◆ EXERCISE DESCRIPTION
The answer must be only the lines below from the one holding "隣の差込口との間隔は57mm" down to the one holding "ÉTAGÈRES RÉGLABLES : Les", ends included, printed exactly; please omit all pictures.

[INFORMATION PROVIDED]

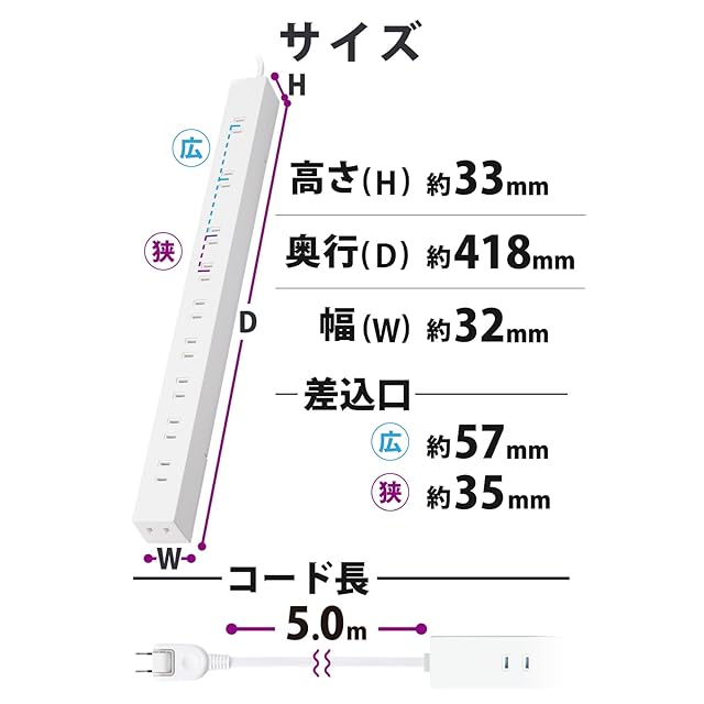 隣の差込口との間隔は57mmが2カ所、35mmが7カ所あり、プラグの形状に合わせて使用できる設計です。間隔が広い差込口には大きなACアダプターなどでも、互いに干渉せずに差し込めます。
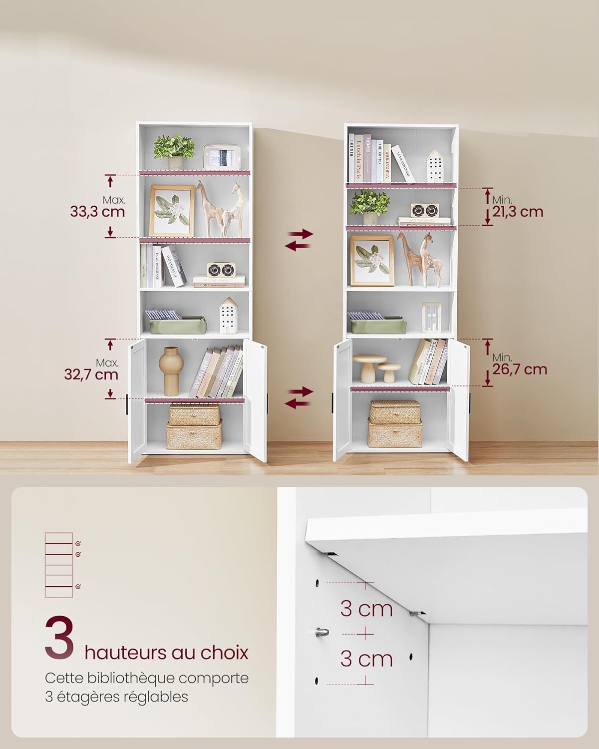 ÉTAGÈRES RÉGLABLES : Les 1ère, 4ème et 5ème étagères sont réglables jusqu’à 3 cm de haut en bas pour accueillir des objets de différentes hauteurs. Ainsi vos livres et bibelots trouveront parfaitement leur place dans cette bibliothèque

[/INFORMATION PROVIDED]
[INFORMATION PROVIDED]

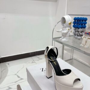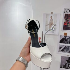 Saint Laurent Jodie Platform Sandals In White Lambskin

[/INFORMATION PROVIDED]

◆ COMPLETED TASK
 隣の差込口との間隔は57mmが2カ所、35mmが7カ所あり、プラグの形状に合わせて使用できる設計です。間隔が広い差込口には大きなACアダプターなどでも、互いに干渉せずに差し込めます。
 ÉTAGÈRES RÉGLABLES : Les 1ère, 4ème et 5ème étagères sont réglables jusqu’à 3 cm de haut en bas pour accueillir des objets de différentes hauteurs. Ainsi vos livres et bibelots trouveront parfaitement leur place dans cette bibliothèque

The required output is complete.